Although you may not make your way in a thousand years, you make take a few minutes to read about the beauty of the Northern France, Lille.
I was in, the Belgium’s neighbour and the capital of Nord-Pas-de-Calais, Lille for the fist time of my life for a two-month internship. Undoubtedly, when travelling, one of the most important details is figuring out transportation. In Lille, Transpole is responsible of all things related to transport except bikes. From single tickets to yearly passes, there are various tariffs for metro and tram. V’Lille on the other hand organises the biking system and require with credit cards. Even though these bikes give you time flexibility-because buses, trams and metro only run till midnight- you may end up disappointed when you reach your destination and see a full station.
It’s obvious that you won’t come to France and starve, but where specifically one should eat in Lille? “Boulangeri” and “patisserie” are the places where you can find the best treats of French culture such as the best “croissant, pain au chocolat, gauffre, crèpe” in the entire world. If you’re looking for a take-away, then you can simply find what you need at Paul or Le Pain Quotidien around the corner. If you’re feeling like taking a seat, then stop by Rihour and pick a restaurant on your way to the Grand Place(Be Yourself can certainly be a great choice). If it’s a sunday, you can go to the (not even exaggerating) legendary Meert between 11.00-14.00 to have a brunch and be full for the next 12 to 18 hours. My stay in Lille included bayram, so me and my flatmate went to Meert for a bayram brunch. The three course brunch included everything from exceptional french toast to sea-smelling salmon, from fresh orange juice to crispy macarons. Indeed, that was a morning to be remembered!

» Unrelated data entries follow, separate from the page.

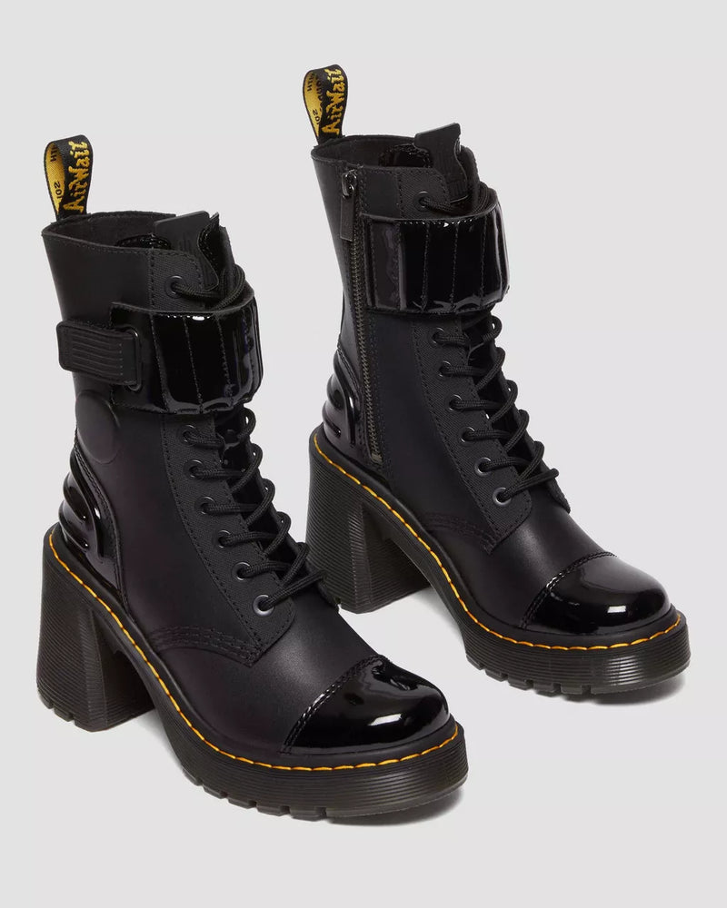 Step up. Stand out. This 10-eye boot is inspired by classic biker footwear — for a different way to do heels. Built with exaggerated, mixed-leather construction on a statement, chunky flared heel. Fitted with a moulded soft Patent PU leather heel counter, toecap, and ankle strap. Detailed with an archive-inspired DM’s branded tongue patch. The sole is secured with our signature yellow welt stitching, and the top of the boot is tagged with a black and yellow heel loop.
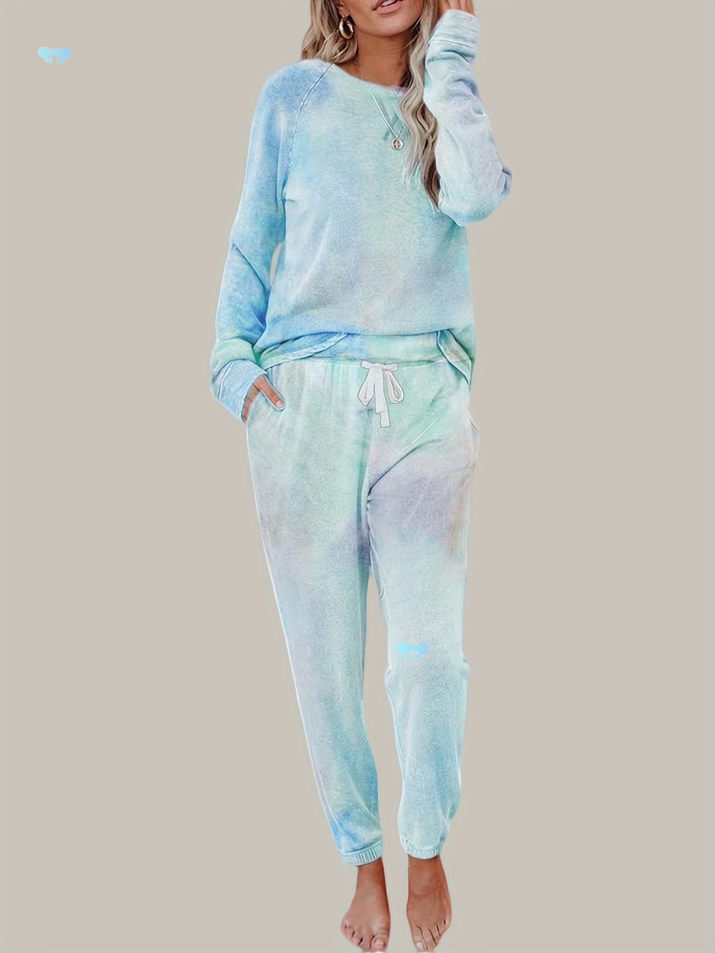 レディース タイダイ スウェットスーツ セット 2 ピース 長袖プルオーバー
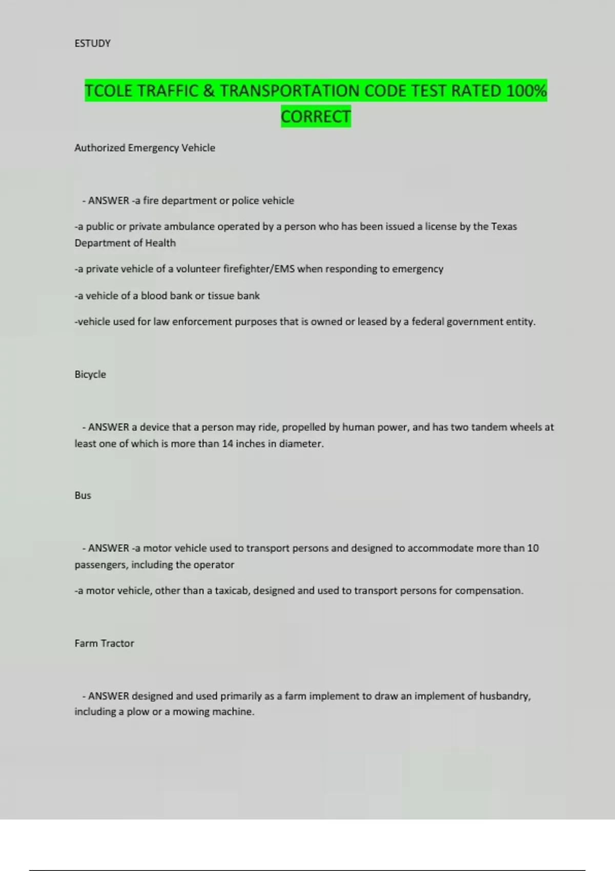 TCOLE TRAFFIC & TRANSPORTATION CODE TEST RATED 100% CORRECT

For fresh fruits, vegetables, flowers and antique objets, you can visit one of the countless flea markets of the city. Looking for something a little more sophisticated? Visit Marché du Vieux-Lille. Looking for the local feeling? See Marché de Wazemmes. Typical French restaurants of Nord-Pas-de-Calais are called “estaminet”. We often had dinners and occasionally lunches at these delicious places around Vieux-Lille. For being in a lovely touristic neighbourhood Au Vieux de la Vieille is always super busy, so if you want to eat in a more quite place then treat yourself at Estaminet La Vieille France or Estaminet Chez la Vieille. Incredible macarons, beigners and waffles are just around every corner for snacks to go. Even though it doesn’t make much sense to sit at coffee-chains in stone-building European cities, you might still want to see Notting Hill Coffee for they are French owned and serve incredible viennoiserie.
It would be wise to start “tourist”ing from Rihour station of the metro. Begin by taking photos at Grand Place and follow on to Rue Esquermoise to reach Rue Royale or Rue Basse. Both streets would lead you to Vieux-Lille and Cathedral Treille with Maison Natale de Charles de Gaulle(natal house of Charles de Gaule). Moreover, Jardin Vauban and Citadelle just below Champs de Mars are picturesque places to picnic over streets artists’ music and run. When it gets dark out in Vieux-Lille, relax at one of the bars or wine-houses on Rue de la Monnaie, Rue de l’Angleterre or Rue Royale.
Lafayette and Printemps are famous French shopping malls for those who prefers to shop at shopping malls, whereas all the glowing peripheral streets of Grand Place -particularly Lepelletier and Rue Esquermoise- and Vieux-Lille are excellent places to go for street-shopping.
Of course, you should always check out the holiday destination’s calendar for days like public holidays, celebrations, festivals-no one wants to miss those! When I was in Lille, I witnessed perhaps one of the most important days for French people: “La Fête Nationale Française” a.k.a. Bastille Day on July 14th. The day is celebrated with jets spreading red, white and blue colours across the sky all over France and concerts. In Lille, the day started with a jazz band at the gare and proceeded with military parade that took place on Rue de la Liberté, followed by fireworks at Champs de Mars when it got dark.
Eat lots of viennoiserie, drink French wine and get lost between colourful stone-buildings!